# Snowbird for sale on eBay



## Kensico (Feb 19, 2014)

Older Snow Bird Working Cond Starts Easily Real Barn Find Good to Restore | eBay


----------



## GreenMtnMan (Jan 5, 2014)

S-264. I had one and GAVE it away! ( Smashes head against wall ).


----------



## Biketrax (Jan 28, 2015)

What makes this unit so desirable? 
Just rare? Sure looks solid and clean!
Seems really heavy!


----------



## GreenMtnMan (Jan 5, 2014)

Snow Birds rank up high in the 'coolness' factor. Not really rare, and not the best working machine.


----------



## russkat (Feb 25, 2015)

There is a seller on CL with one who specifically states...

"Please remember this has value as a collectible"

Originally was asking $500.00, now down to $400.00.

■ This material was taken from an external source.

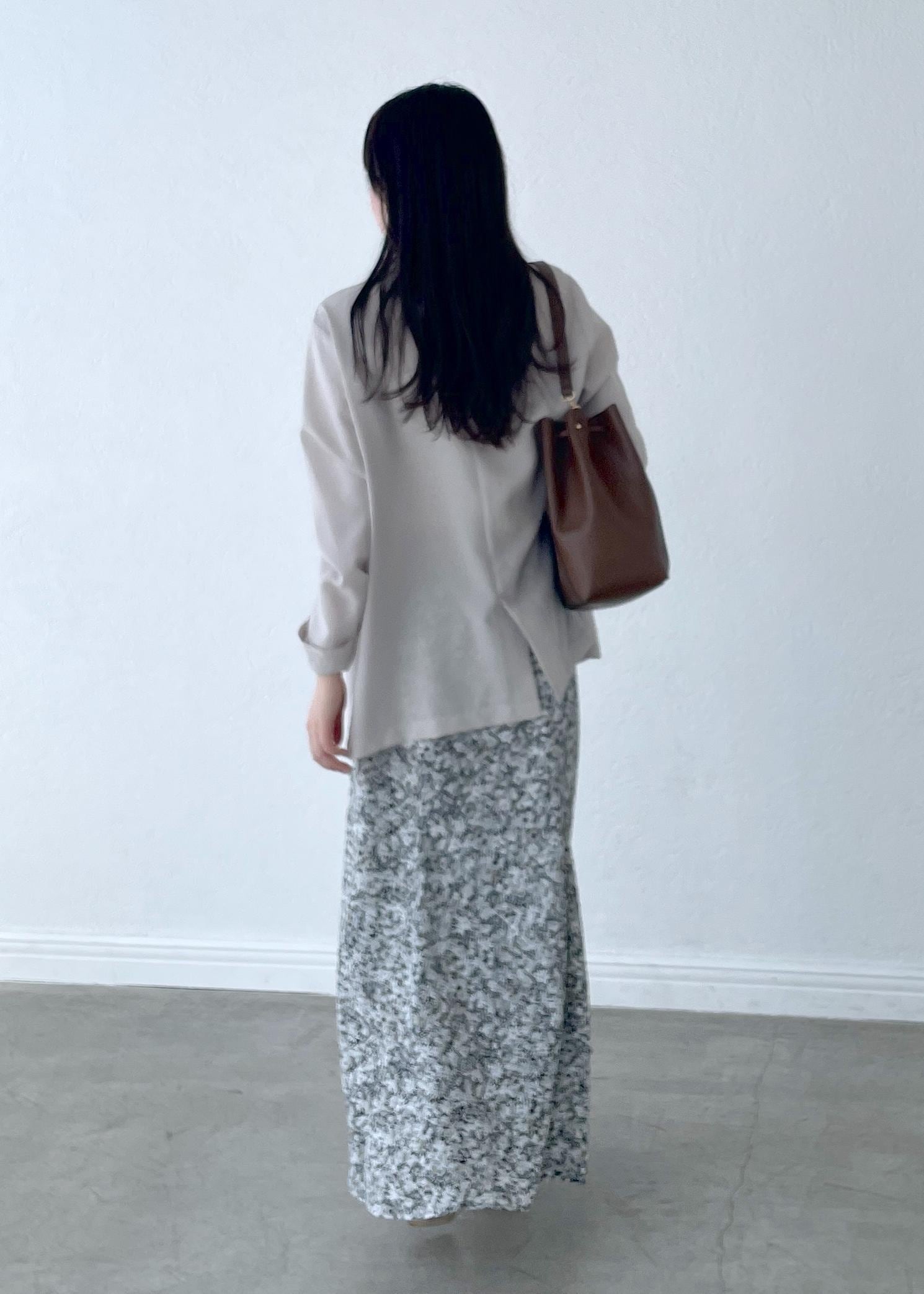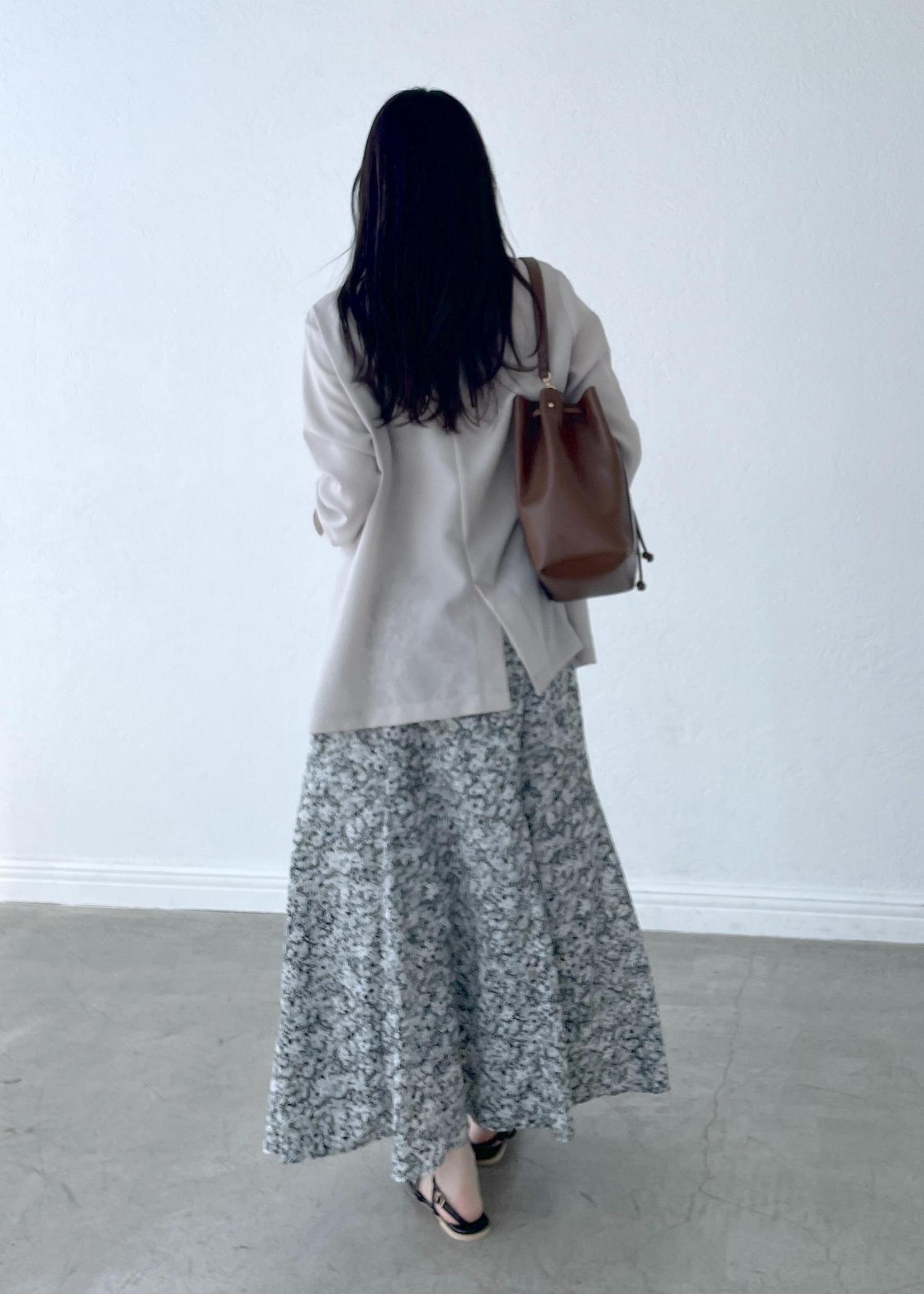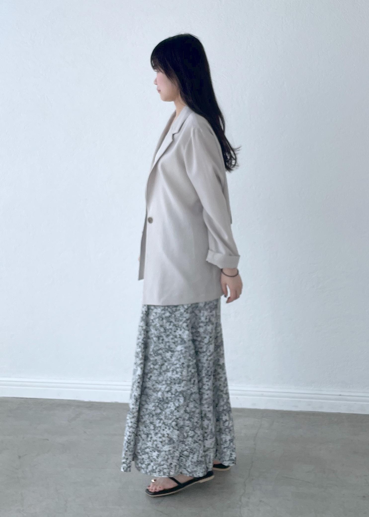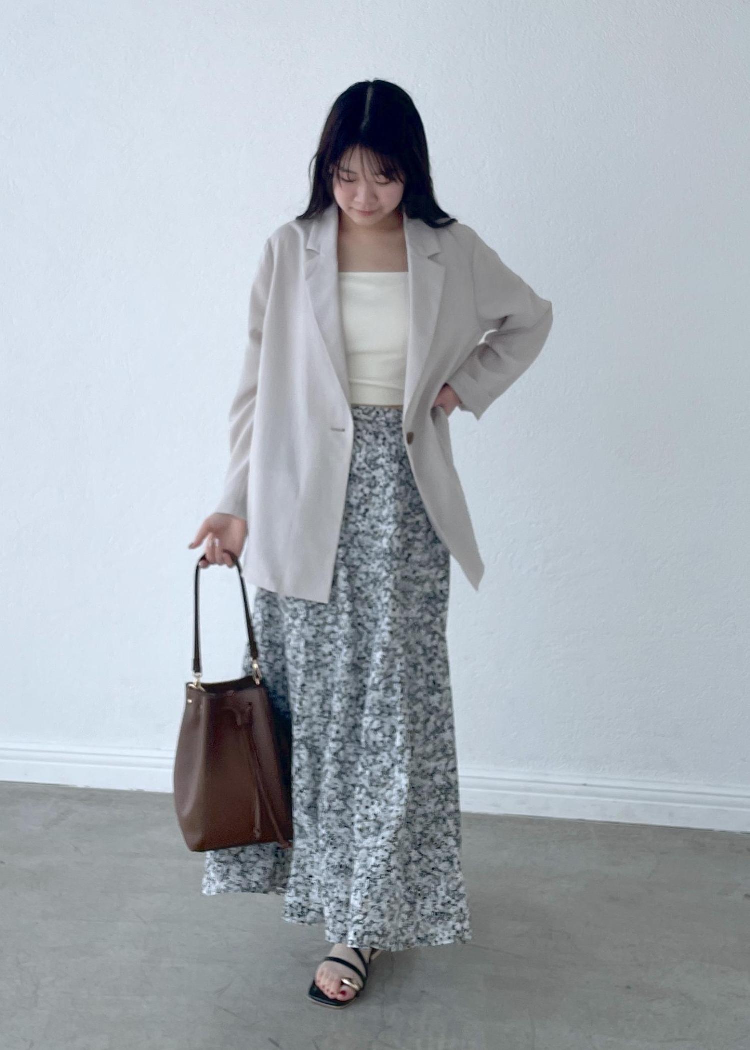 花柄のスカートを主役に大きめなシルエットのジャケットを羽織った大人らしいコーディネートです。

In my opinion, he has another $200-250 to go before anyone is going to take a gamble on a 50yo + blower.
I don't think they really have much of an increased value as a "collectible" 

Sold for $103.50, probably a typical price for these.


----------



## sscotsman (Dec 8, 2010)

russkat said:


> "Please remember this has value as a collectible"


no mister clueless craigslist seller, it really doesn't..a running used Snowbird is worth $50 to $150 all day long, anywhere..

The one in this thread, on ebay, is about as "desirable" as a Snowbird gets..its one of the 26" models, and in great shape, and it sold for $100, in the middle of winter..that tells the tale right there..

a quote of mine from another thread:



> I think the recent growth of the antique garden tractor hobby, full-size farm tractor restoration hobby, and certainly the antique car hobby, has led to a false belief that "if its old, it must be valuable".. :dry:
> but that doesn't apply to snowblowers at all..
> 
> It is true that some early 1960's John Deere garden tractors and Wheel Horse garden tractors have increased in value, because the very early ones are rare _and_ desirable, but there is NO snowblower model that has any real "collector value" whatsoever..simply because there is no real snowblower "collector market" to speak of..We see the collectors and "old snowblower enthusiasts" here, in this forum, but thats only because this is the one place in the world where we gather! :icon_smile_big: this forum does *not* reflect the real world..not even close!
> ...


Unfortunately I think my Ariens and Snowbird webpages might have fed this myth a bit..people see the Snowbird webpage and think "ooh! I have a rare desirable collectible worth $400!"..They conveniently miss the part on the page where I say:



> They are not super rare, and they not very valuable at all. There is no organized "antique snowblower hobby" to speak of, unlike other things such as classic cars or tractors..a few enthusiasts do look for them, but they are few and far between.
> 
> For the average homeowner just looking for a practical used snowblower, they are actually a bit undesirable, because they do have limited speeds, and parts availability can be an issue. I bought a non-running 1961 S-224 for $25, which is about right!  and a complete and running 1st Gen snowbird can be in the $100 to $250 range, depending on condition, but no more than that really.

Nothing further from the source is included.